Não calculas o frio que faz. Um frio como eu nunca supus haver.
A casa não tem aquecimento eléctrico e ainda por cima o meu quarto fica na parte mais ventosa. Os lençóis da cama parecem estar molhados. É a antecâmara do inferno! Passamos os dias sentados à lareira, onde as conversas, evidentemente, não me interessam nada. O termómetro marca 5 graus, e, isto, é na sala onde está a lareira!

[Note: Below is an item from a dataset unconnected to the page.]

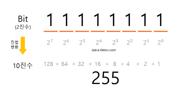 최댓값 11111111 = 128+64+32+16+8+4+2+1 = 255
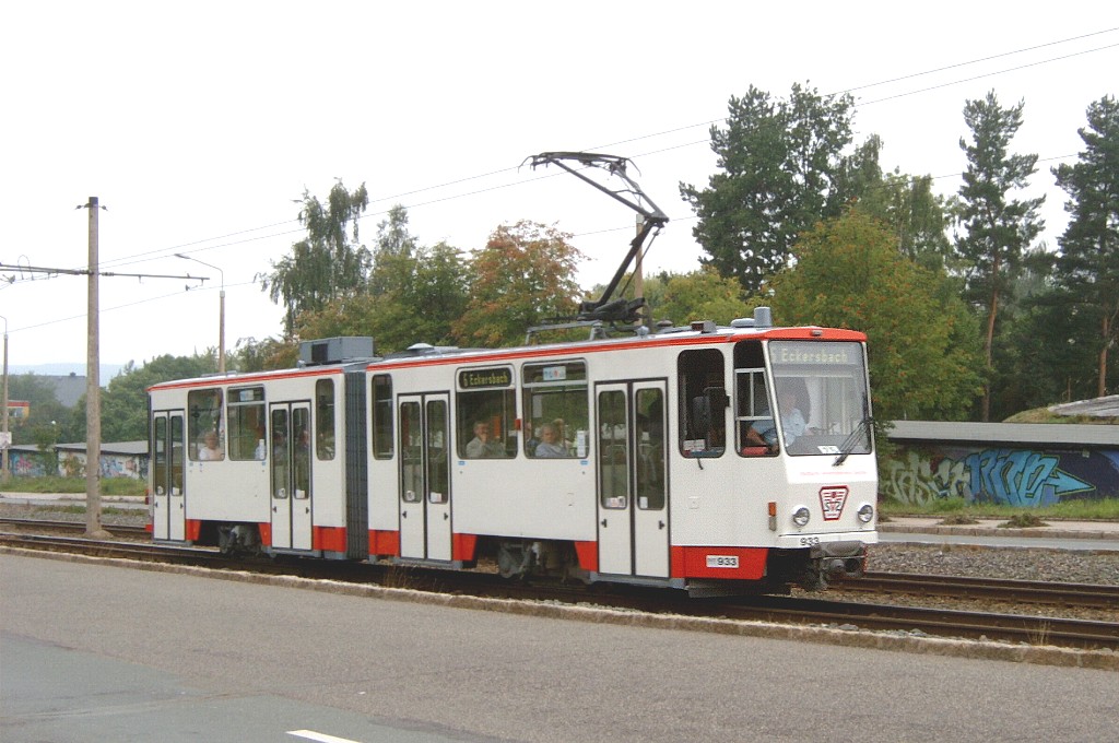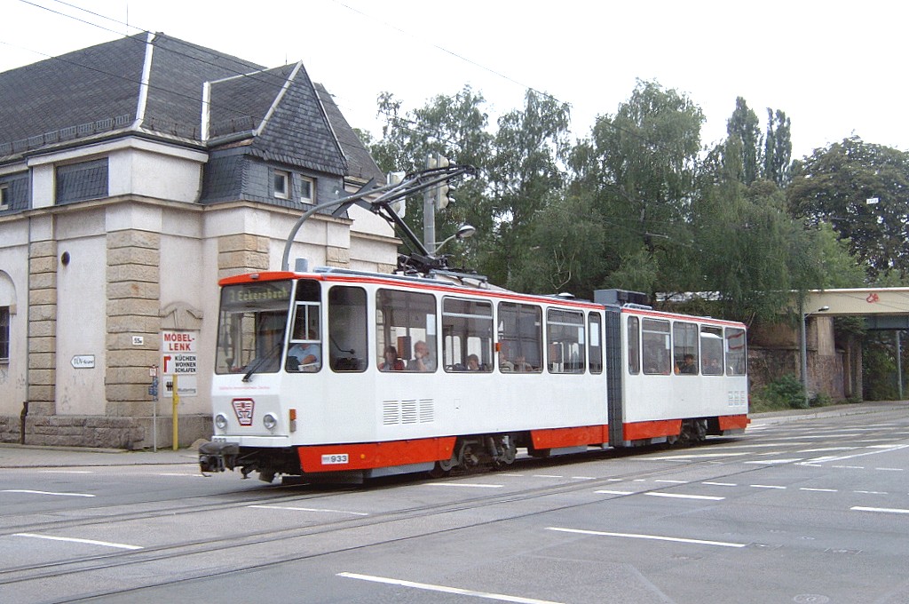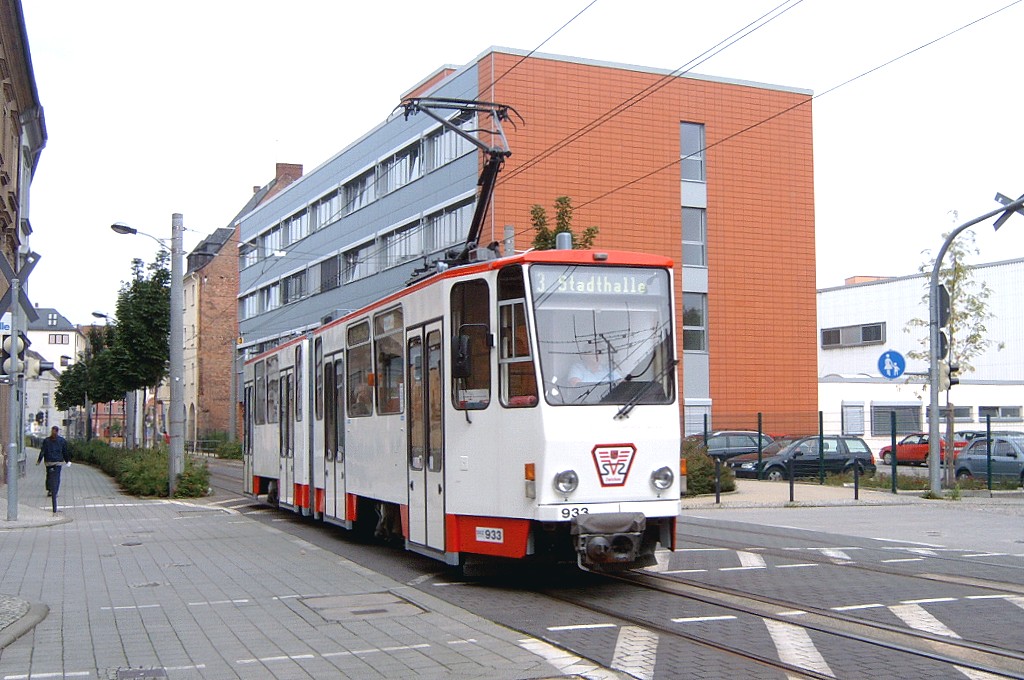 Tw 933 auf der Scheffelstraße zwischen den Haltestellen Westsächsische Hochschule und Talstraße. |

Agora vê como estará no meu quarto. Onde eu me vim meter meu Deus.! Agora é que me convenci para sempre de que nunca poderia viver na metrópole.. Dói-me horrivelmente a cabeça de estar o dia todo a apanhar o calor da lareira e a fumar, e, ao mesmo tempo tenho o corpo absolutamente gelado com a temperatura. Não posso suportar o pensamento de que ainda tenho que cá ficar uma semana e tal. Crê que não exagero na minha descrição. Ficar à lareira sem fazer nada senão conversar com pessoas desconhecidas, é simplesmente morrer vivendo.